If you have a blog, your next logical step is to add Google Analytics and Google Search Console to your website to track its performance. Ignoring data makes you blind to rising bounce rates, search rankings drops, or readers dropping off halfway.
Both platforms come with a wide range of tools, reports, and metrics. You don’t need them all at the beginning. I recommend that you start tracking fundamental metrics first — it’s enough to understand what works and doesn’t.
In Google Analytics:
- Sessions/users — how many people are actually visiting your blog.
 - Traffic source/medium — where readers are coming from (organic search, social, email, referral).

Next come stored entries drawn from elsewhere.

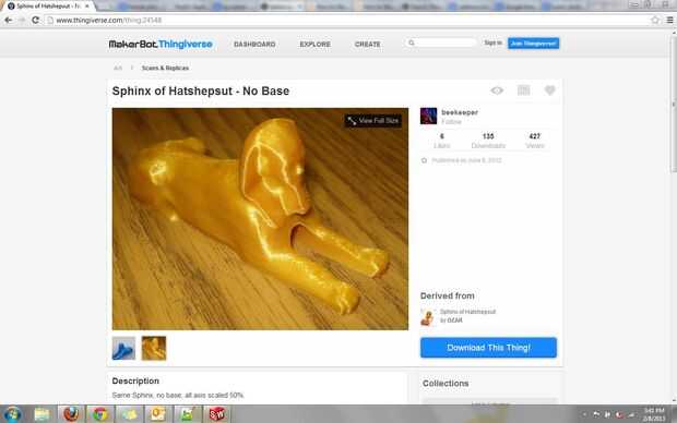 Esta esfinge de Hatshepsut fue modelada por el apicultor en Thingiverse. Curiosamente, este modelo fue creado utilizando otro producto 123D Catch 123D. El modeler tomó en algún lugar entre treinta y setenta fotos de la esfinge de granito de 15.000 libras en el Metropolitan Museum of Art en Nueva York y utiliza el software para unir las fotos en un modelo tridimensional.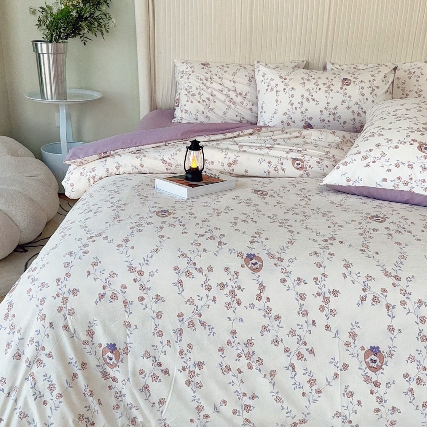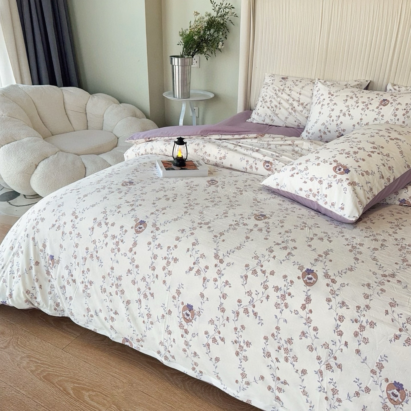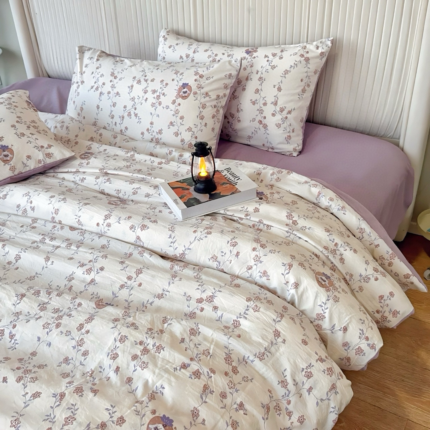 商品名称:兜米家居 2025新款古法水洗棉印花小清新四件套 唯美紫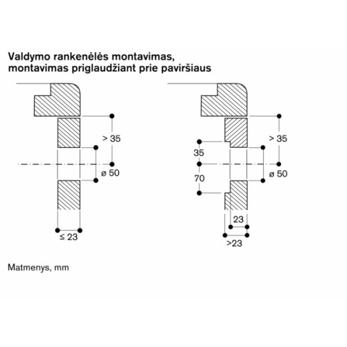 - Jei valdymo skydelio storis viršija 23 mm – būtina galinė išpjova pagal brėžinį „Installation of the control knob“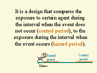We define the "case component" as hazard period which is the time period right before the disease or event onset; and the "control component" as control period which is a specified time interval other than the hazard period. The information of the individual "exposed to certain activity or agent during the hazard period and control period will be compared. If we collect such information from many subjects who had the disease or event, we can test for consistent relationships between the disease and the exposure.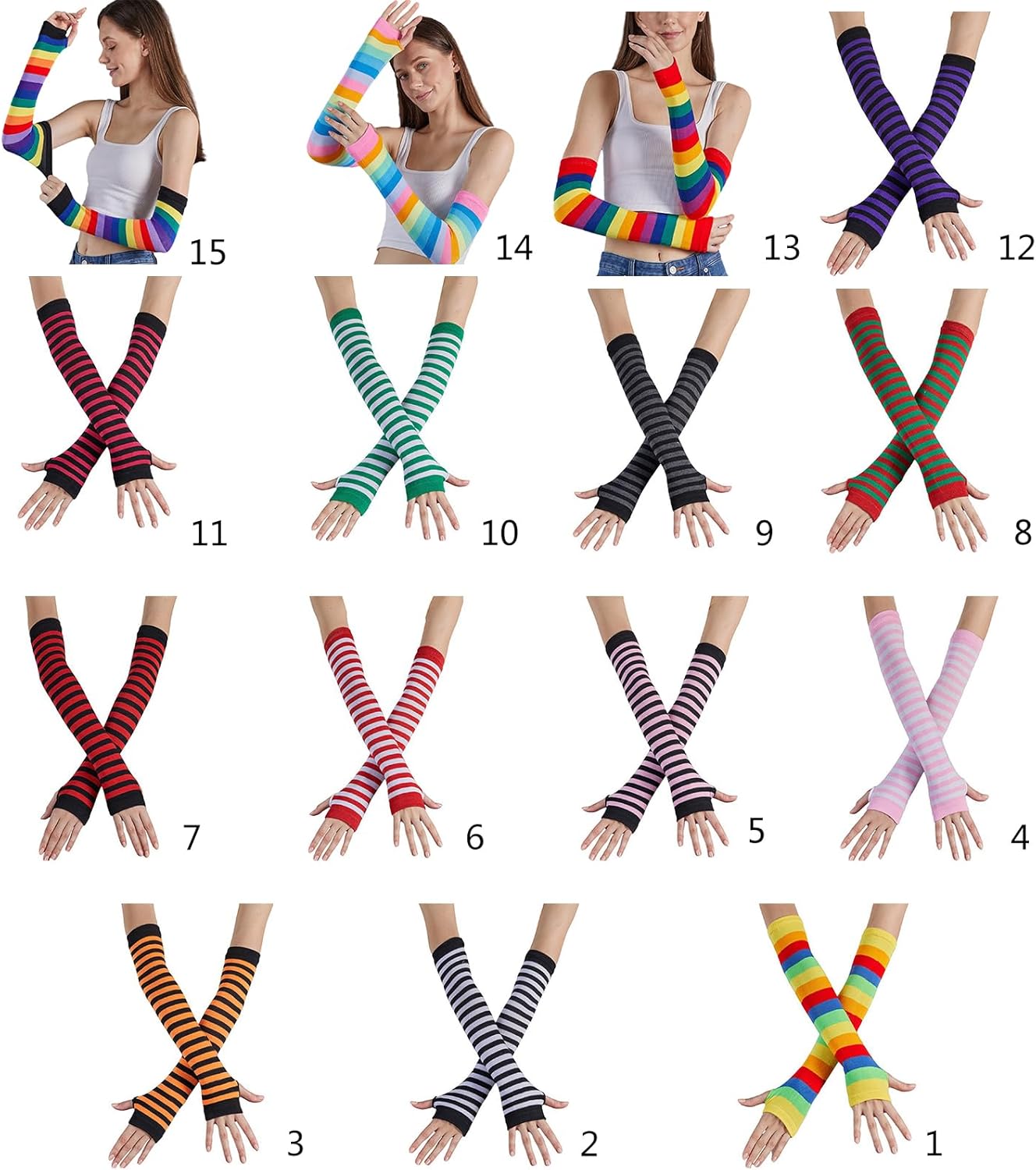 Guanti a righe arcobaleno per donne accessori per costumi da festa di Natale guanti elastici caldi maniche per braccio Cosplay Party Prop Caratteristiche: Migliora il tuo gioco cosplay con questi vivaci guanti arcobaleno. Il cotone colorato e confortevole lo rende un must per gli appassionati di cosplay e gli artisti. Realizzati in ottimo cotone, questi guanti a righe senza dita sono morbidi e adatti a persone di diverse dimensioni. La vestibilità elastica garantisce un comfort ottimale. Per le ragazze e le donne che amano vestirsi, questi guanti arcobaleno sono un accessorio versatile che aggiunge un tocco divertente e vivace a qualsiasi costume. Che tu stia partecipando a feste o impegnandoti in attività di gioco di ruolo, questi accessori ti aiuteranno a mostrare il tuo personaggio preferito Fai una dichiarazione alle feste e alle riunioni a tema con questi guanti arcobaleno. Ideale per cosplayer e artisti, questi accessori migliorano l'aspetto del tuo personaggio e aggiungono eccitazione al tuo atto. Scatena la tua creatività con questi versatili guanti arcobaleno Sia che tu stia aggiungendo un tocco di colore al tuo abbigliamento quotidiano o ti stai preparando per un'occasione speciale, questi accessori porteranno sicuramente un tocco di stile al tuo ensemble. Specifiche tecniche: Cotone Dimensioni del prodotto: ca. Lunghezza: 50 cm. Opzione: 15 opzionali come le immagini mostrate, si prega di selezionare la vostra preferenza La confezione include: 1 paio di manicotti a righe. Nota: Si prega di considerare un margine di errore di 1-2 cm dovuto alla misurazione Assicurarsi che questo non sia un problema prima di effettuare l'ordine. A causa della differenza tra i diversi monitor, l'immagine potrebbe non riflettere esattamente il colore dell'articolo.

 - Bounce rate/engagement rate — people leave immediately, or they stay and read.
 - Time on page & scroll depth — how interesting your content is.
 - Conversions (CTA clicks, form fills, newsletter sign-ups) — is the blog driving business results, not just visits?
 - Returning vs. new visitors — a proxy for whether you’re building loyalty.
 
In Google Search Console:
- Total clicks.
 - Total impressions.
 - Average CTR.
 - Average position.
 - Top-performing queries.
 - Indexing.
 - Core web vitals.
 
Master Google Analytics with free official courses by Google and watch Google Search Console Training hosted by Daniel Waisberg, search advocate at Google.
5. Build relationships through your blog.
Blogging is about building trust and community. People want to feel seen and heard, not just “targeted.” My simple formula for that is to invite conversations and collaborators (aka my readers).
When I write SEO technical guides, I reach out to SEO pros on LinkedIn and feature their experience with a direct link to their LinkedIn page. Once a post is live, I share the link in DMs and ask to support it with a share.
Our content marketing and social media teams take it further and turn posts into newsletters and social media posts, thereby inviting the audience into the conversation.
You can also add polls or feedback forms to engage your readers.
Blogging wasn’t designed to inform people; it is meant to connect.
Blogging mistakes are fixable.
I’ve blogged long enough (from 2015!) to make almost every mistake in the book — from writing for myself instead of my audience, to hitting publish without editing, to ignoring analytics until it was too late.
Every mistake became a lesson.
If you’ve recognized yourself in a few of these mistakes — good. That means you know where to start. Pick one mistake you’re making today and fix it in your very next post. Then come back to this list when you’re ready for the next step.
And remember: Blogging is less about getting it “perfect.” It’s about adjusting fast, building habits that compound over time, and constantly experimenting.